我看到黑瞎子仔细听完之后,点了点头,接着他退后一步,对所有人道:“待会我会把绳子扔出去,哑巴会在那一瞬间发力跳起来抓住,你们必须拉住我,我们一起用力,把他拉出来。”
我这才知道,闷油瓶是想要用这种方式上来,这很危险,可现在似乎也没有更好的办法。
我们定了定神,杜仲站在后面,用手圈住黑瞎子的腰,小花和我一边一个,也拽住他,我们做出扎马步的姿势,尽量让自己能够站得稳一点。
我紧紧地盯着闷油瓶,也学着他的样子,对他用唇形说:“我等你。”
他极轻微地点了点头,黑瞎子朝他喊道:“哑巴,我数一二三,就往你那里扔绳子,你一定要抓住!”
闷油瓶没有做声,但是用眼神示意他明白了。
我狠狠地抓着黑瞎子的腰,也许是用力太猛,他微微皱了皱眉头,对我笑了笑:“小三爷,我的肉都快被你抠下来了。”

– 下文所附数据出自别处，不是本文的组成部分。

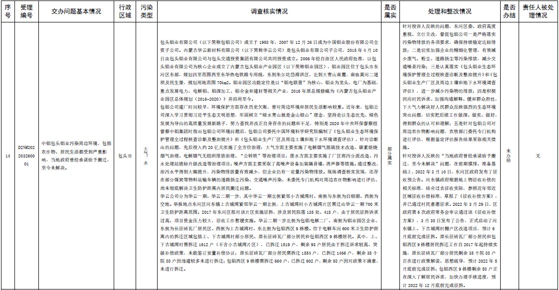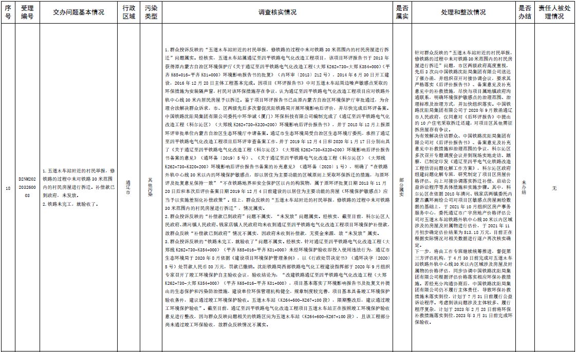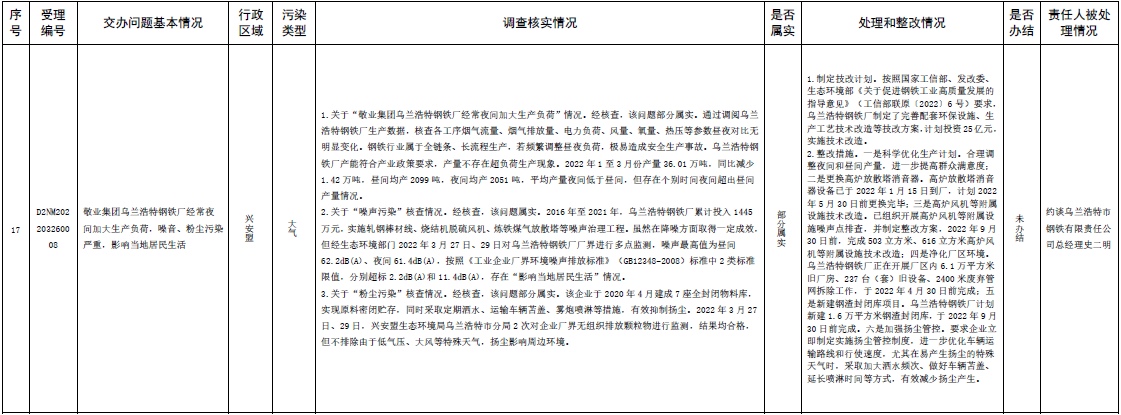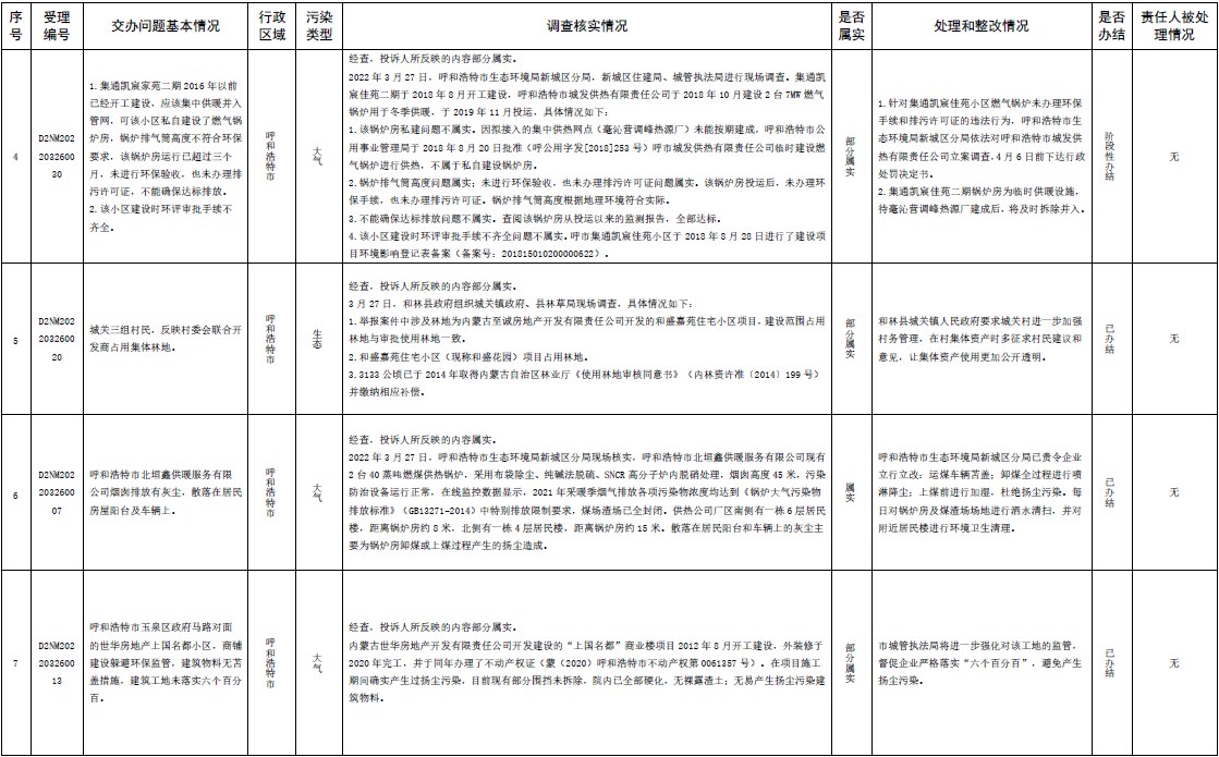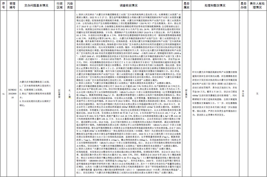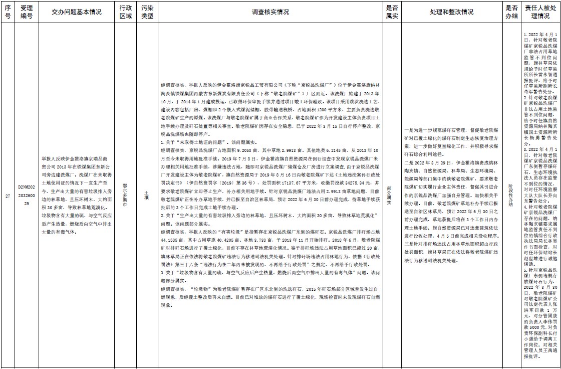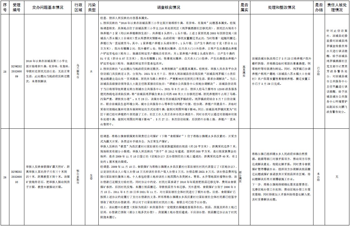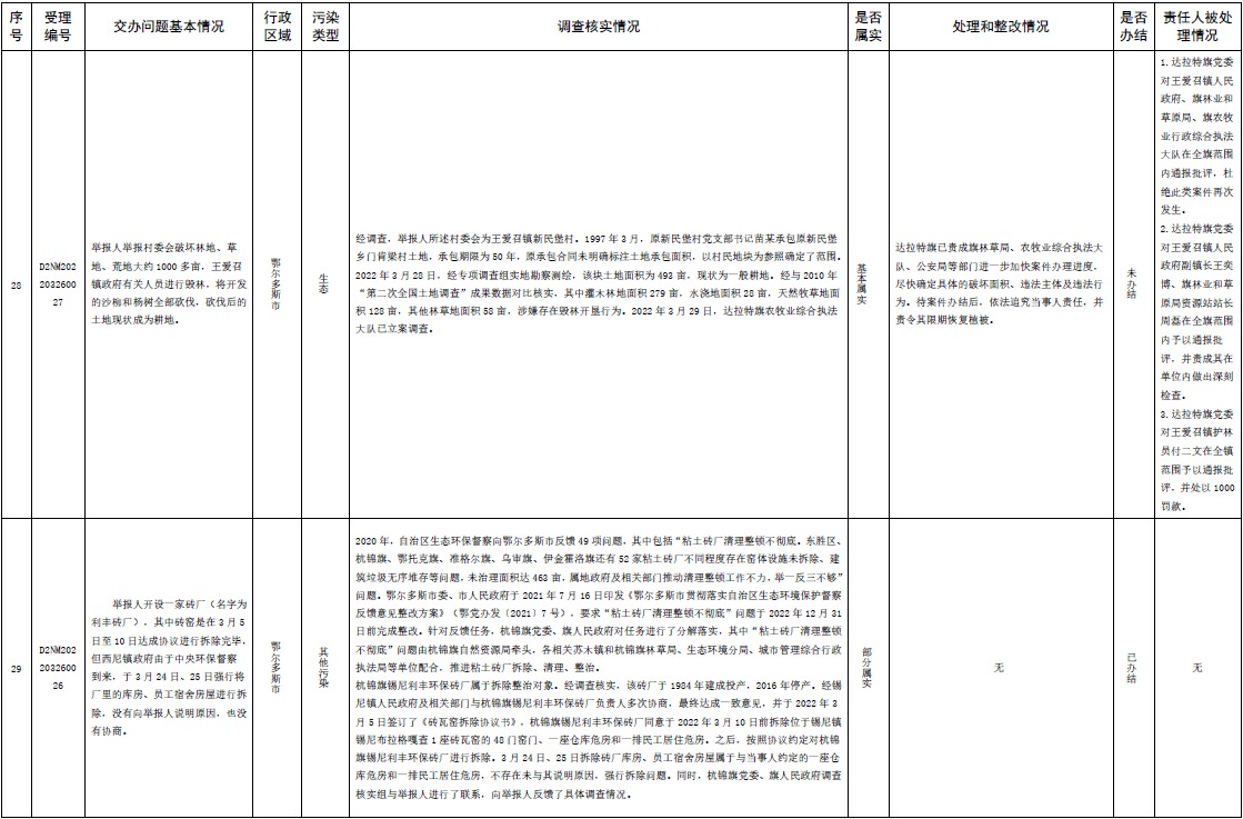 中央第三生態(tài)環(huán)境保護督察組交辦內(nèi)蒙古第二批42件群眾信訪舉報件辦理情況
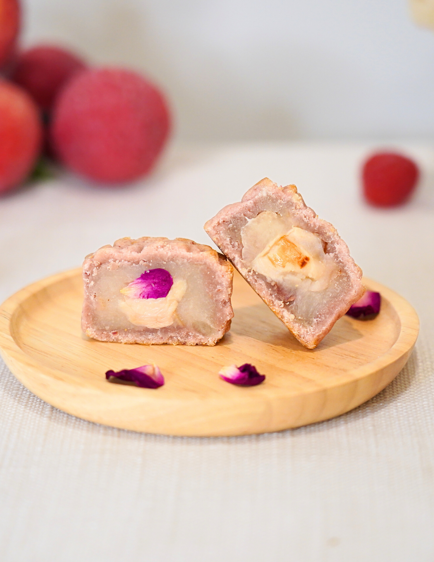 Please note: Our Rose Lychee Mooncake contains wheat, dairy, and eggs. Made in a facility that processes nuts and soy. Reach out with any questions or concerns
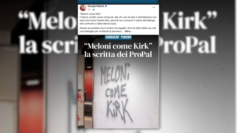““Meloni come Kirk”. L’hanno scritto come minaccia. Ma chi vive di odio e intimidazioni non sarà mai come Charlie Kirk, perché non conosce il valore del dialogo, del confronto e della democrazia – ha scritto Meloni sui social – Essere accostata a lui è motivo di orgoglio: Kirk ha fatto della sua vita una battaglia per la libertà di pensiero. Chi scrive minacce sui muri resterà sempre prigioniero della violenza. Noi continueremo a camminare liberi, forti delle nostre idee”.
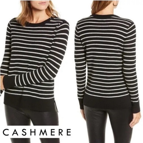 Halogen Josephine Cashmere Striped Crew Neck Long sleeve Sweater
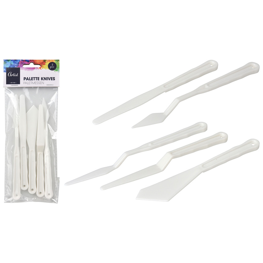 5 dílná plastová souprava paletových špachtlí ideální pro začínající umělce.Díky provedení z pevné ale pružné umělé hmoty jsou tyto špachtle bezpečnější pro použití než kovové nože, snadno se udržují a jsou odolné proti znečištění.Ideální pro nanášení masy akrylových a olejových barev.

我这才意识到自己太用力了,黑瞎子应该挺疼的,便把手稍微往下移动了一点,直接揪住了他的屁股。
他神色复杂地看了我一眼,又转过头去看了看小花,最后还是淡淡地咳嗽了一声,随即大声道:“准备!一!二!三!”
当绳子扔出去的时候,我看到闷油瓶在同一瞬间双脚一蹬,两只手用力一顶,借力让上身尽量直起来,然后拼力蹬着木板,往那根绳子跃去。
只有几秒钟的时间,可对我来说,却仿佛有几个世纪那么长。
我看到闷油瓶终于够到了绳子,开始拉着绳子往这边腾空而来,我们所有人也都咬着牙,努力拉住黑瞎子,确保他不被这股巨大的力量带下去。
眼看闷油瓶就要成功地被绳子拉过来,没想到的事情发生了。原本在两边被细线缠住、一步也不踏入中间的那些粽子,却突然有几只奋力朝着我们攻击了过来,而其中有一只,对着黑瞎子的脸就是一拳,黑瞎子下意识一躲,我们便全部跟着晃了一下。
就这一下,原本抓在他手中的绳子,一下子给打了滑。然后,我便看到那绳子“嗖”地一声就脱落了出去,而原本已经快要被拉过来的闷油瓶,就这样失了力,直直朝着那个陷坑里跌了下去。
“小哥!”
那瞬间我的心脏就像停止跳动了一样,而我的动作已经早于我的意识做了出来,我大声地喊着他的名字,毫不犹豫地纵身一跃,在空中狠狠地撞上了他的身体。
接着,我听到他恐惧之极的声音在我耳边炸起:“吴邪!你疯了!”
我们抱在一起,往陷坑里落了下去,那块木板压下来盖住我们,视线里一片漆黑。